A 80 9. 3 402 597 67 28 Ferrite Invention 2 + martensite

+ Pay night

A 165 19.1 391 605 65 27 Ferrite Invention 3 + Martensite

B 30 3.5 499 690 72 24 Ferrite Present invention 1 B + martensite

+ Bainite

B 80 9.3 504 744 68 22 Ferrite The present invention

2 + martensite

B 165 19.1 509 769 66 21 Ferrite Invention 3 + martensite

C 30 3.5 425 521 82 30 Ferrite Comparative Example 1 C + fine pearlite c 80 9.3 420 528 80 29 Ferrite Comparative Example

2+ fine pearlite

C 165 19.1 418 543 77 29 Ferrite Comparative example

+ Bay + it

Three

+ Fine pearlite

D 30 3.5 420 519 81 30 Comparative Example 1 D + fine pearlite

D 80 9. 3 407 541 75 29 Ferrite Comparative Example 2 Ten Benite

+ Fine pearlite

D 165 19.1 388 590 66 28 Ferrite Comparative Example 3 + Martensite

+ Pay night

E 30 3.5 445 565 79 27 Ferrite Comparative Example 1 E

E 80 9. 3 438 574 76 27 Ferrite Comparative Example 2

E 165 19.1 409 591 69 27 Ferrite Comparative Example 3 + Martensite

+ Bainite

F 30 3.5 499 620 80 25 Ferrite + Bay Comparative Example 1 F Night + Trace Mar

Tensite

F 80 9.3 500 651 77 24 Ferrite + Bay Comparative Example 2 Night + Trace Maru

Tensite

F 165 19.1 493 699 71 22 Ferrite Comparative Example 3 + Martensite

+ Pay night [Example 2]

The steel type G having the chemical composition of the present invention (combined addition of Cr and V) shown in Table 3 (the remainder not shown is Fe and unavoidable impurities) was melted in a converter, and the continuous production was carried out. After that, hot rolling was performed with a finishing temperature of 86 O: Ar3 or higher and a winding temperature (CT) of 400 to 750 ° C to obtain a steel strip with a thickness of 2. Omm. After pickling, the CGL was heated and maintained at 800 at 2 min, zinc-coated with a basis weight of 45 gZm2 on both sides, and then an alloying treatment of SSO ^ xIOsec was performed.

At this time, the line speed was increased from coil Head to End for each coil. From the coil after passing through the CGL, samples were taken from the part corresponding to any of the line speeds of 30, 80, and 160 mpm, and the JIS No. 5 tensile test and microstructure were observed. Table 4 shows the results. The cooling rate of each part from the alloying temperature (550 ° C) to the Ms point is determined according to the line speed, and is shown in the table as the cooling rate.

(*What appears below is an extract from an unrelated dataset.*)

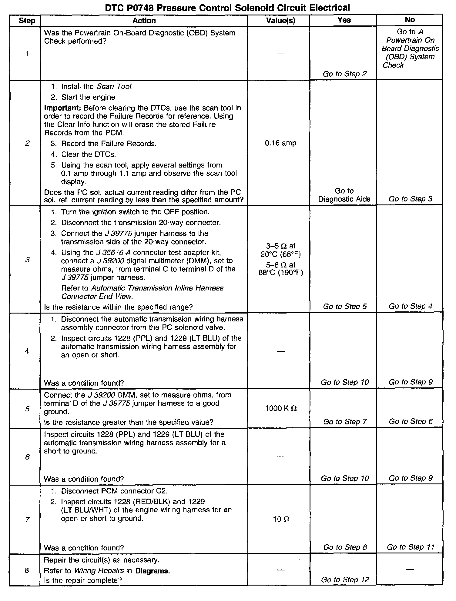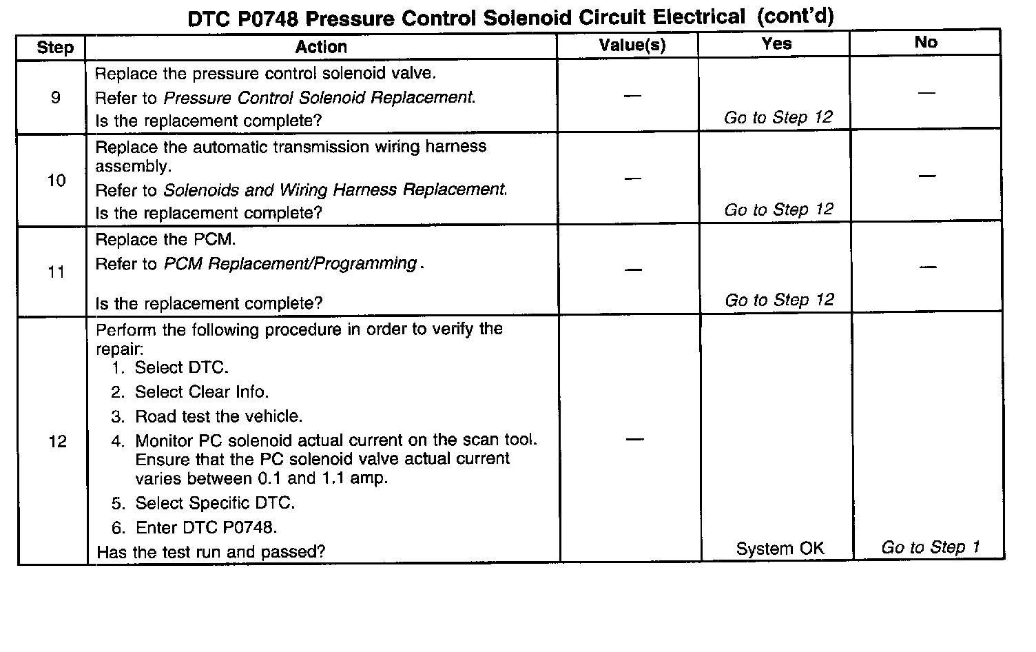 - If no circuit faults are detected during the 5 second retest period, then the PC solenoid valve is returned to normal operation and DTC P0748 diagnostic is passed.

In Examples 1 to 5 of the present invention, since the winding temperature was 700 or less, a two-phase structure of ferrite and martensite was obtained at any line speed, and had appropriate strength and good ductility. In Comparative Examples 6 to 8, the winding temperature was as high as 750, which is outside the scope of the present invention. When the winding temperature is as high as 750 ^, carbides precipitate as coarse carbides after hot rolling and are not sufficiently dissolved even before heating of CGL. In Comparative Examples 7 and 8, in addition to ferrite and martensite, carbides mainly composed of cementite are partially contained, so that even if the strength is appropriate, the balance between strength and ductility is insufficient. In Comparative Example 6, since the line speed was as low as 3 Ompm, the penetration of carbide was sufficient, but the production efficiency was low, which was not preferable. Table 3

Steel type Chemical composition ()

Symbol C S i Mn P S Sol. N C r V

Al

A 0.08 0.04 1.52 0.008 0.003 0.036 0.0046 0.45 0.08 Table 4

Mark C T CGL line Cooling Tensile characteristics Micro fiber classification number (° C) Speed Speed YS D S YR E 1

(mpm) (° C / s) (MPa) (MPa) (¾) (¾)

1 400 80 9.3 435 Ferrite The present invention

+ Martensite

2 600 80 9.3 413 641 64 26 The present invention

+ Martensite

3 700 30 3.5 416 614 68 28 The present invention

+ Martensite

4 700 80 9.3 422 628 67 27 Ferrite The present invention

+ Martensite

5 700 160 18.5 437 637 69 26 Ferrite The present invention

+ Martensite

6 750 30 3.5 509 769 66 21 Ferrite Comparative example

+ Martensite

+ Pay night

7 750 80 9.3 445 602 74 26 Ferrite Comparative example

+ Martensite

+ Carbide

8 750 160 18.5 438 596 73 26 Comparative example

+ Martensite + carbide

Embodiment 2

In Embodiment 2-1, in terms of% by weight, C: 0.04% to 0.13%, Si: 0.5% or less, Mn: 1 to 2%, P: 0.05% or less, S: 0.01% or less (including 0), sol. A1: 0.05% or less, N: 0.007% or less (including 0), Mo: O.05-0.5%, Cr: 0.2% or less (including 0), with the balance being substantially Fe and OK The hot-dip galvanized steel sheet is characterized by comprising ferrite having an average particle diameter of 20 m or less and martensite having a volume ratio of 5 to 40% as a main component.

Embodiment 2-2 is a ferrite having an average particle diameter of 20 m or less and a martensite having a volume ratio of 5 to 40% containing V: 0.02 to 0.2% in addition to the components of Embodiment 2-1. This is a hot-dip galvanized steel sheet characterized by being mainly made of steel. Embodiment 2-3 for solving the above-mentioned problem is a method for manufacturing a hot-dip galvanized steel sheet according to Embodiment 2-1 or Embodiment 2-2, wherein — The steel having the components described in 1 or Embodiment 2-2 is converted into a hot-rolled steel strip after casting, and after pickling, cold-rolled at a rolling reduction of 40% or more, if necessary, followed by continuous melting. In the zinc plating line, after soaking at 750 to 850, cooling at a cooling rate of l to 50 ° C / sec to 60 (TC or lower temperature range, zinc plating is performed, and if necessary, further alloying is performed. The treatment is performed, and then cooling is performed in a state where the residence time at 400 to 600 is within 200 seconds.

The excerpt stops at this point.